## What is being asked
Set down exactly the lines in the records below that run from the line with "Yang說,過去所做的工作已" to the line with "Во время пусконаладки", inclusive, and nothing more.

## Source material
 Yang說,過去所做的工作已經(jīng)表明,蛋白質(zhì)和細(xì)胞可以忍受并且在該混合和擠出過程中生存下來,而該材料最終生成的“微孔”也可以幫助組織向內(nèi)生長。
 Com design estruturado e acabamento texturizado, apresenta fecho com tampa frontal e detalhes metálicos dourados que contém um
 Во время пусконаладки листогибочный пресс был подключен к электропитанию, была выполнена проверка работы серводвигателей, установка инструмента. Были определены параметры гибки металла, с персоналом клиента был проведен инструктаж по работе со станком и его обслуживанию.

--

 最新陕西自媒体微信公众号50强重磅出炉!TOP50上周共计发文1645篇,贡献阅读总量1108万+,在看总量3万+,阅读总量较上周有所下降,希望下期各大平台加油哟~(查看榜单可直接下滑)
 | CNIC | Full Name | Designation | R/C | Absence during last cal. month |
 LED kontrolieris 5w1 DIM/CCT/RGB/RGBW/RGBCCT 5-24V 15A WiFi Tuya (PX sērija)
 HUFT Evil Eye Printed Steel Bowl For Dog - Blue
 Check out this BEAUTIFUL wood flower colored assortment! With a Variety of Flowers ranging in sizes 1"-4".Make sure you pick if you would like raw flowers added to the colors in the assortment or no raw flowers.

--

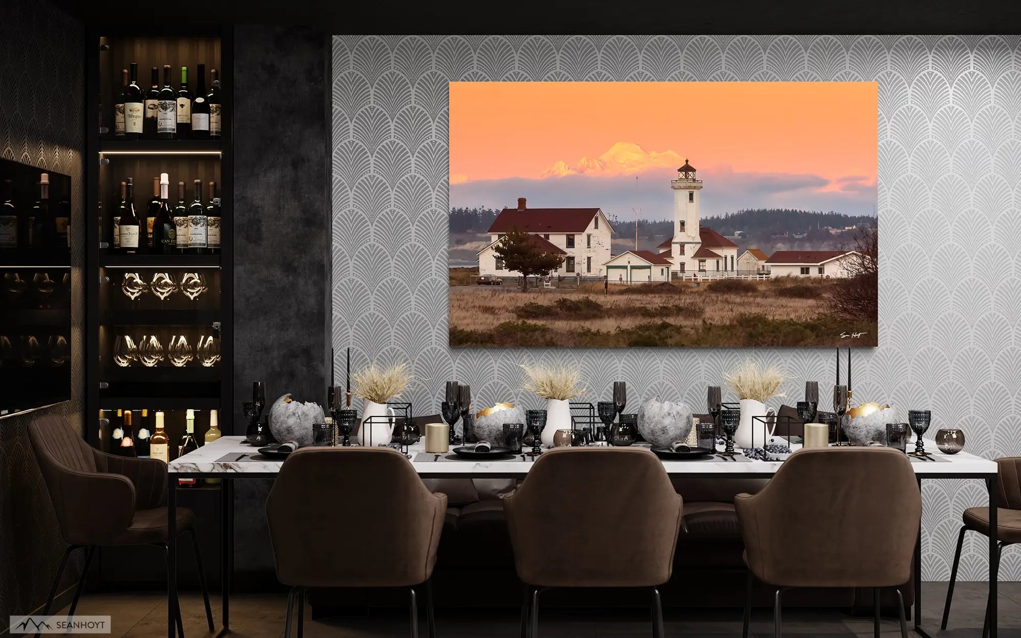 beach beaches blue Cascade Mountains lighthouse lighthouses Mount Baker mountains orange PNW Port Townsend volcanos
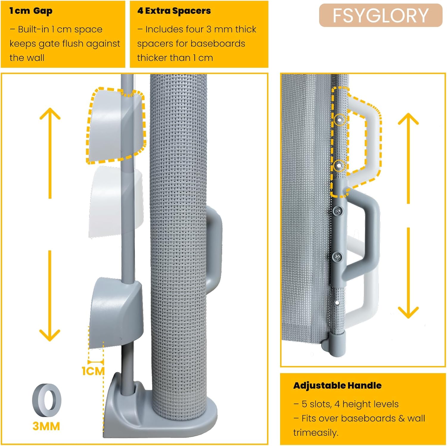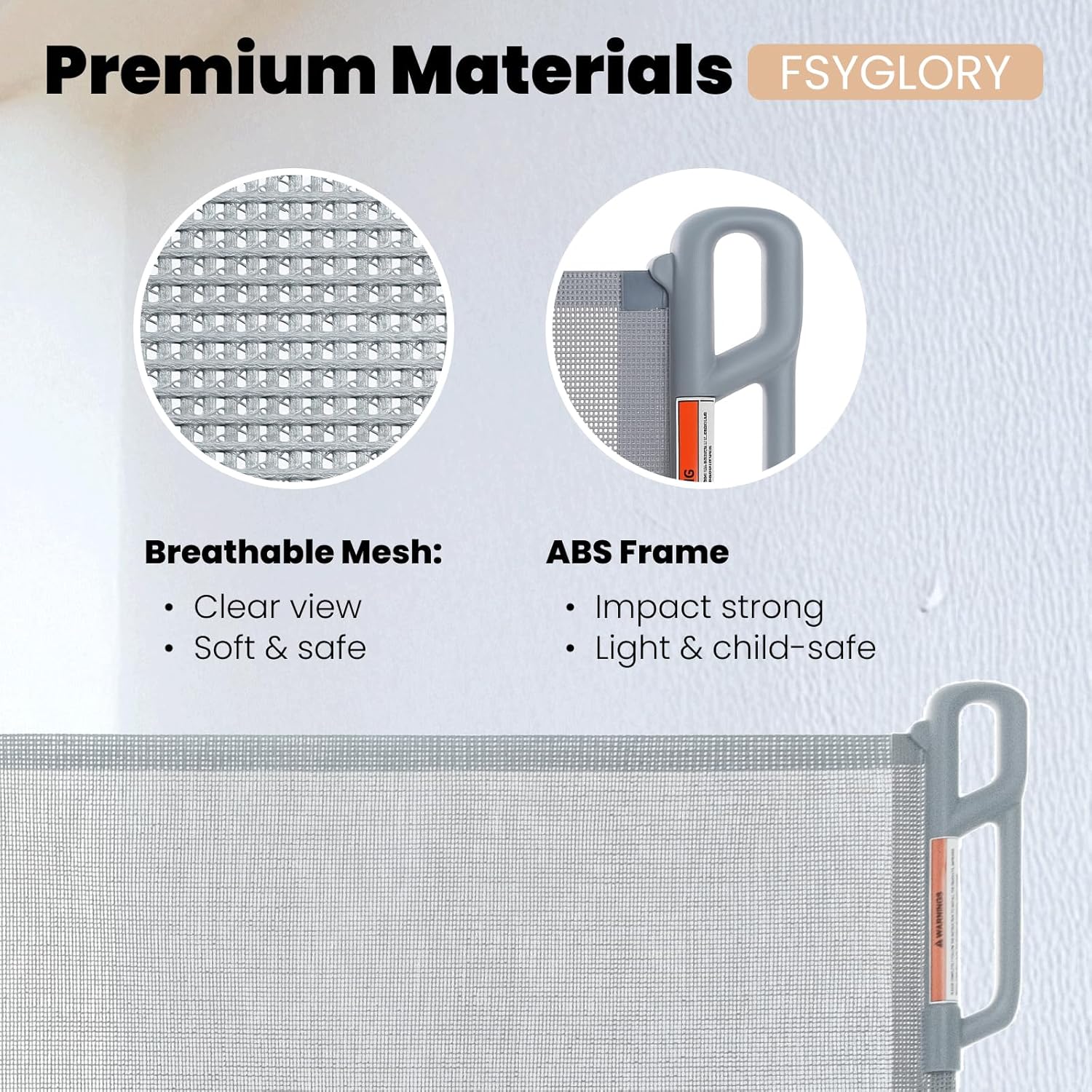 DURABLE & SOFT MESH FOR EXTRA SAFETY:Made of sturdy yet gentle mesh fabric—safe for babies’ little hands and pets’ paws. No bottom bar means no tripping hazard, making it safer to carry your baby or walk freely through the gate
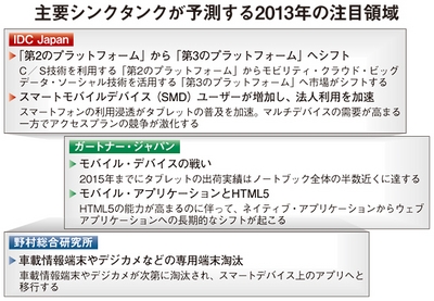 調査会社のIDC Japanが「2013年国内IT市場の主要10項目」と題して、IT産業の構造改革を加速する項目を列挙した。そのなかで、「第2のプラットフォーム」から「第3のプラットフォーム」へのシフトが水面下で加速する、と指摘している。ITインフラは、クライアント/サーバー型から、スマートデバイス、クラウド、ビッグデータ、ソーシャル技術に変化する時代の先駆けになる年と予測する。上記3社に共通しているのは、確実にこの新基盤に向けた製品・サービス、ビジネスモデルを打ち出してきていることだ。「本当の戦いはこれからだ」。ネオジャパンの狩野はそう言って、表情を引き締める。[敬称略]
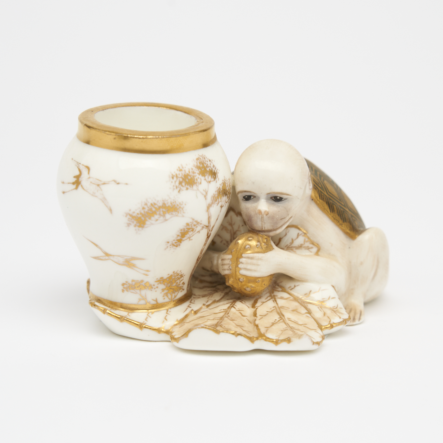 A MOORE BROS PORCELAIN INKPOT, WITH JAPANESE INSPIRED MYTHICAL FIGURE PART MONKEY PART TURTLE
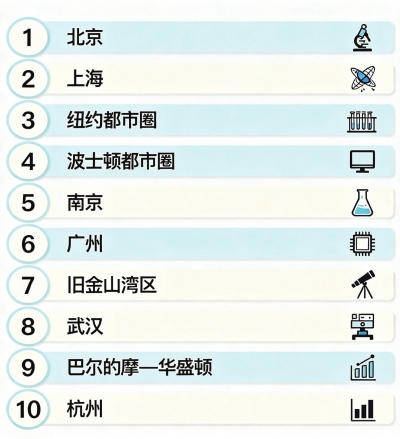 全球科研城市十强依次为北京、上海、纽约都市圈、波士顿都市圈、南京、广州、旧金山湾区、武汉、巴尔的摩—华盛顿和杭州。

## Result of this task
 Yang說,過去所做的工作已經(jīng)表明,蛋白質(zhì)和細(xì)胞可以忍受并且在該混合和擠出過程中生存下來,而該材料最終生成的“微孔”也可以幫助組織向內(nèi)生長。
 Com design estruturado e acabamento texturizado, apresenta fecho com tampa frontal e detalhes metálicos dourados que contém um
 Во время пусконаладки листогибочный пресс был подключен к электропитанию, была выполнена проверка работы серводвигателей, установка инструмента. Были определены параметры гибки металла, с персоналом клиента был проведен инструктаж по работе со станком и его обслуживанию.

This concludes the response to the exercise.